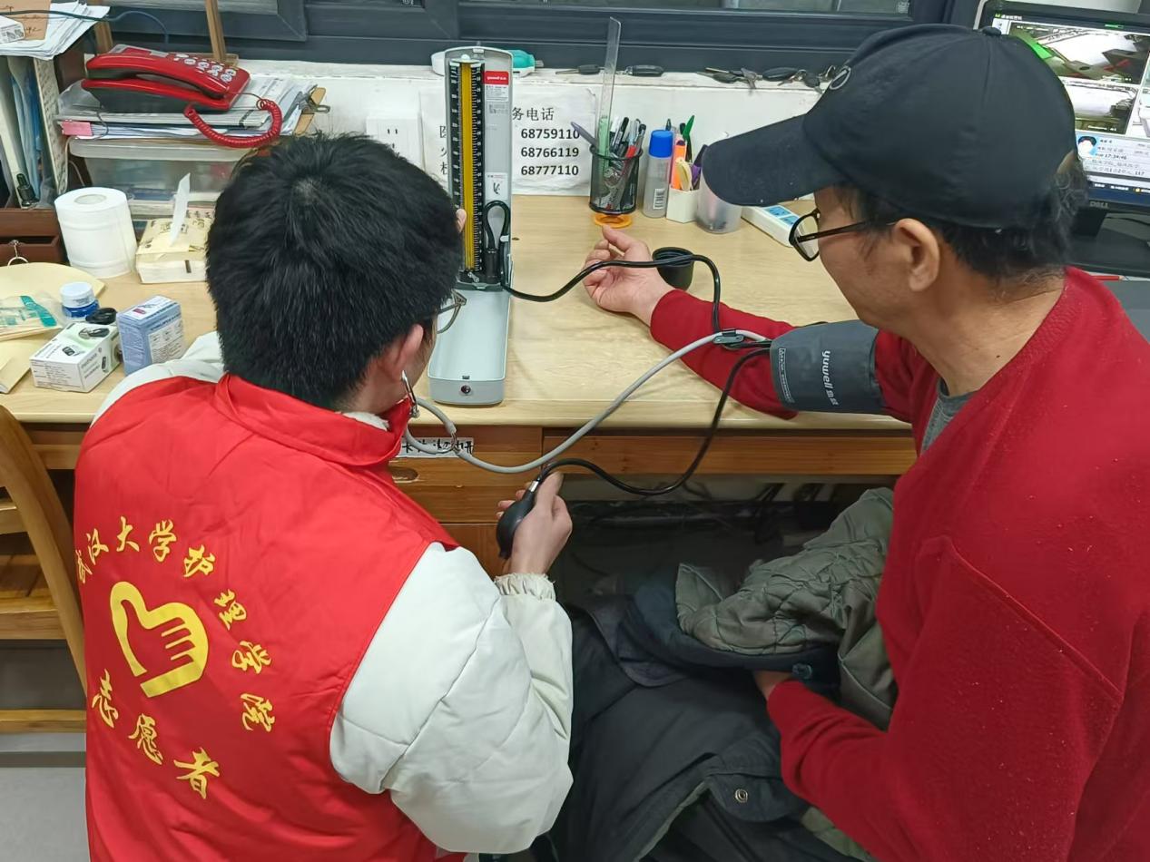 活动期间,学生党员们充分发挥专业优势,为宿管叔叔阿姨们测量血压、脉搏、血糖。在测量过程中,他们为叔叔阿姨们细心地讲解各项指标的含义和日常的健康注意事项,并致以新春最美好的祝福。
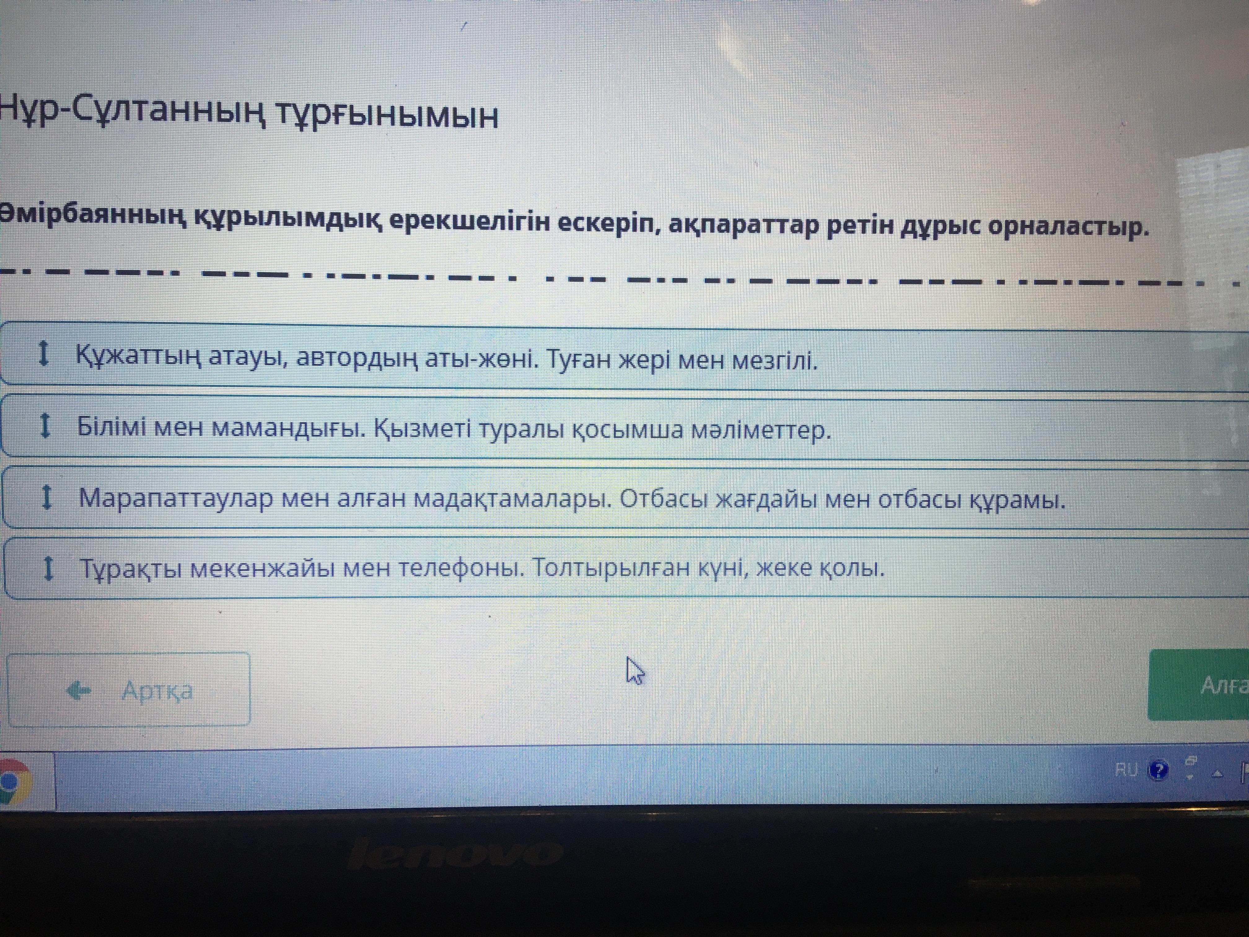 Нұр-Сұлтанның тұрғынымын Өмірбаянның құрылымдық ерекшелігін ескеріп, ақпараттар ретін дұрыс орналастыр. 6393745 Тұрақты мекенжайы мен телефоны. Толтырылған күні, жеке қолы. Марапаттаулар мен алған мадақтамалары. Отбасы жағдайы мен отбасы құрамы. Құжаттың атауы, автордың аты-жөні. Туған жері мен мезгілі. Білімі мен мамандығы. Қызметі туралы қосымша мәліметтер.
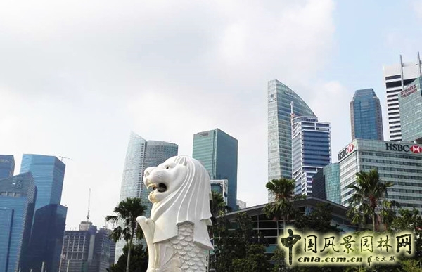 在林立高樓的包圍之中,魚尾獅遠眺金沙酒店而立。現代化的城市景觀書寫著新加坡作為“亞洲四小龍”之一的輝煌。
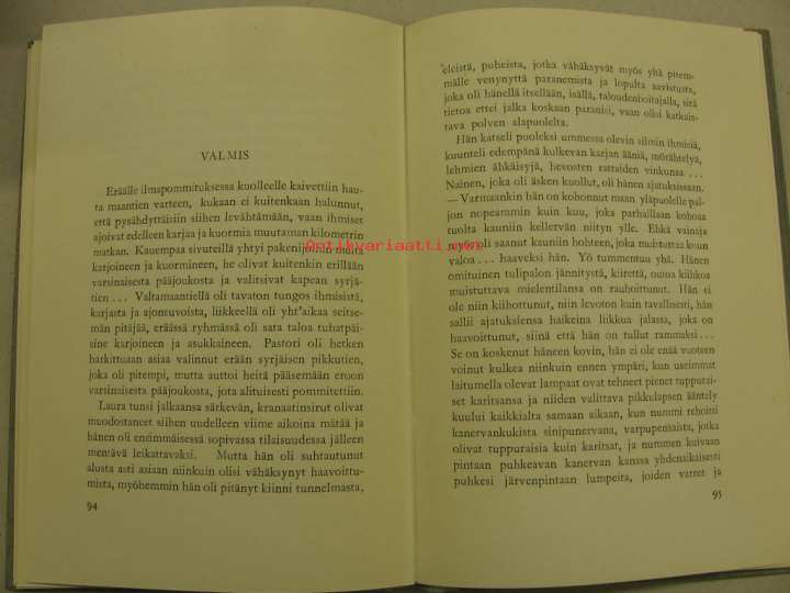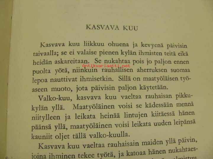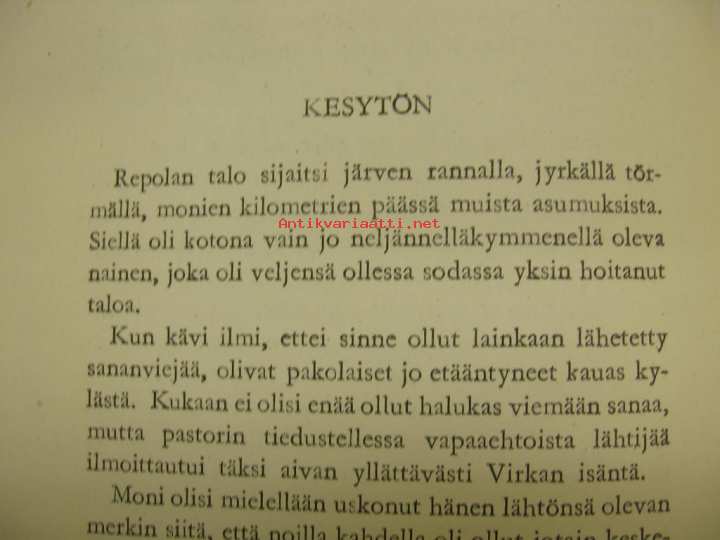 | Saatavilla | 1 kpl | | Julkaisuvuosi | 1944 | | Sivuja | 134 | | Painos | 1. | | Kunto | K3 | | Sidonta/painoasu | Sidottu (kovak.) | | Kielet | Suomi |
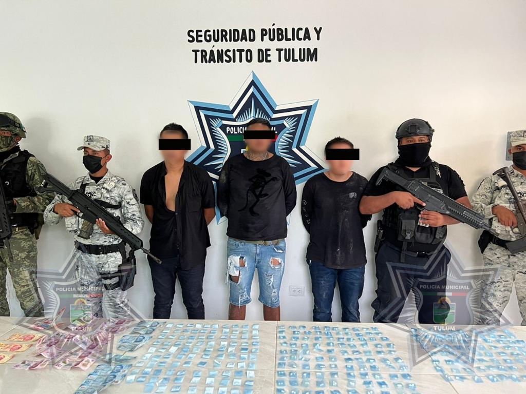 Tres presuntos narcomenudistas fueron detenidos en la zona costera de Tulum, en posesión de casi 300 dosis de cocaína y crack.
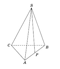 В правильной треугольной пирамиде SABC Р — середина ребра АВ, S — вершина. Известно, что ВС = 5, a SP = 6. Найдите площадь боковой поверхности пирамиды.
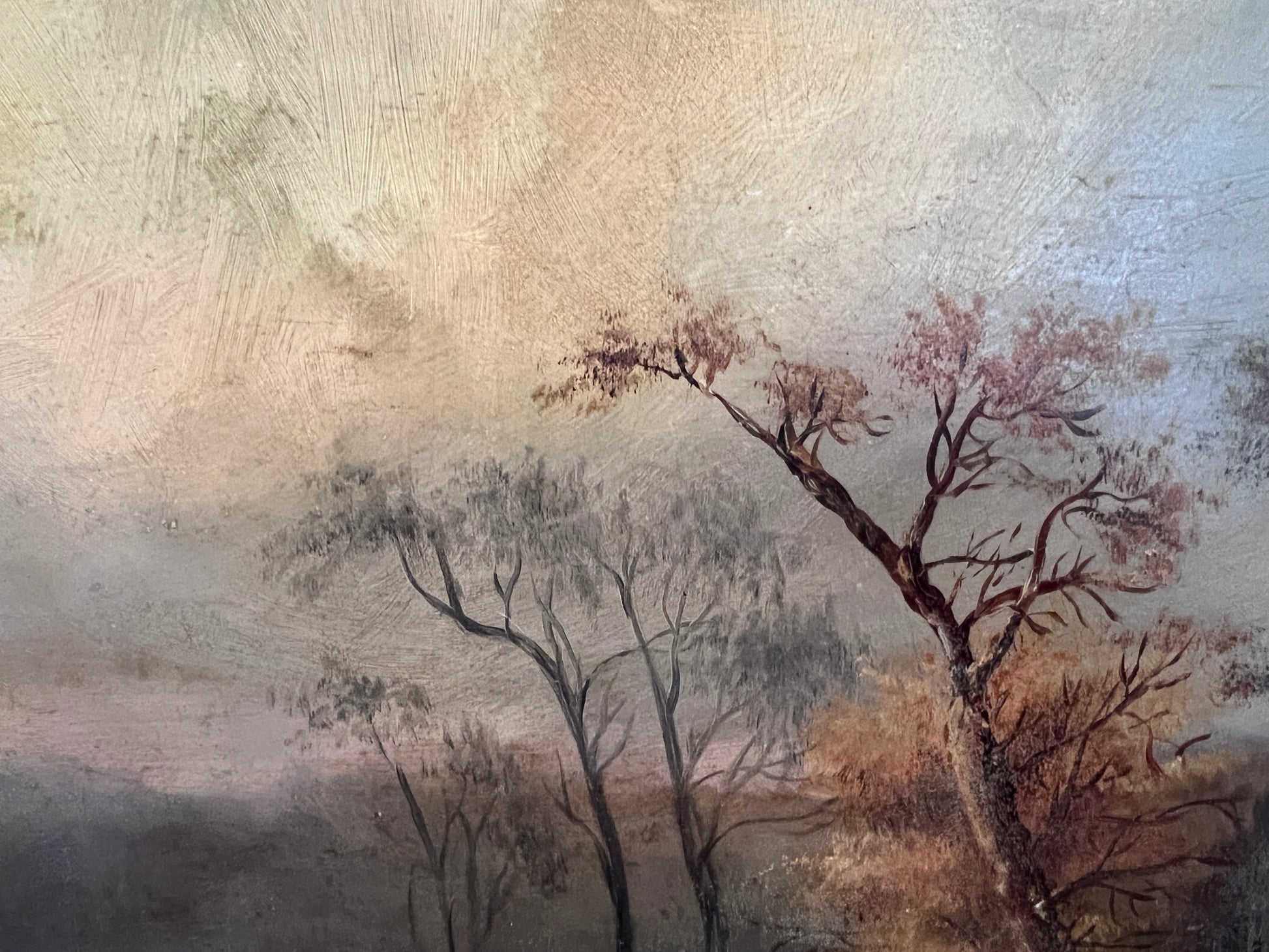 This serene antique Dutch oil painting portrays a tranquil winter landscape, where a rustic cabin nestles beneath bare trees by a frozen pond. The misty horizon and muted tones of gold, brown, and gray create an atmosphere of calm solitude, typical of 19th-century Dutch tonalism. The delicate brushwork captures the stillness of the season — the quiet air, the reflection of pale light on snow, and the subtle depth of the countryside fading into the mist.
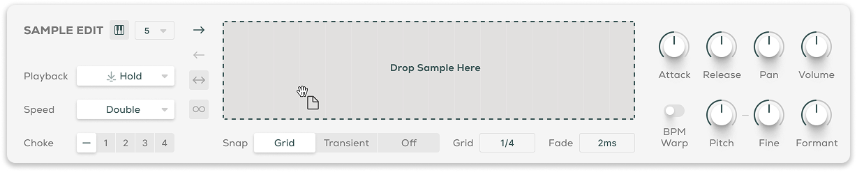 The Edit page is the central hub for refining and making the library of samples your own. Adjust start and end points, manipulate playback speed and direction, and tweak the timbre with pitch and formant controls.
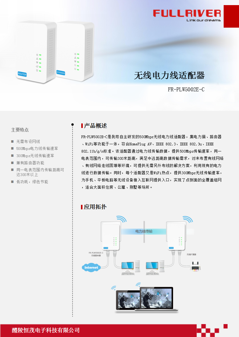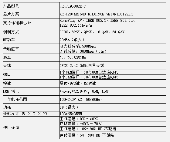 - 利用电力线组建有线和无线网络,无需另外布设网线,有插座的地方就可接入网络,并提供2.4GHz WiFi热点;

==*==

## WHAT TO PRODUCE
Every line from the one that holds "Tres presuntos narcomenudistas" to the last line of the records above goes into the answer, exactly as written; nothing else does, and no picture does either.

## TASK SOLUTION
 Tres presuntos narcomenudistas fueron detenidos en la zona costera de Tulum, en posesión de casi 300 dosis de cocaína y crack.
 В правильной треугольной пирамиде SABC Р — середина ребра АВ, S — вершина. Известно, что ВС = 5, a SP = 6. Найдите площадь боковой поверхности пирамиды.
 This serene antique Dutch oil painting portrays a tranquil winter landscape, where a rustic cabin nestles beneath bare trees by a frozen pond. The misty horizon and muted tones of gold, brown, and gray create an atmosphere of calm solitude, typical of 19th-century Dutch tonalism. The delicate brushwork captures the stillness of the season — the quiet air, the reflection of pale light on snow, and the subtle depth of the countryside fading into the mist.
 The Edit page is the central hub for refining and making the library of samples your own. Adjust start and end points, manipulate playback speed and direction, and tweak the timbre with pitch and formant controls.
 - 利用电力线组建有线和无线网络,无需另外布设网线,有插座的地方就可接入网络,并提供2.4GHz WiFi热点;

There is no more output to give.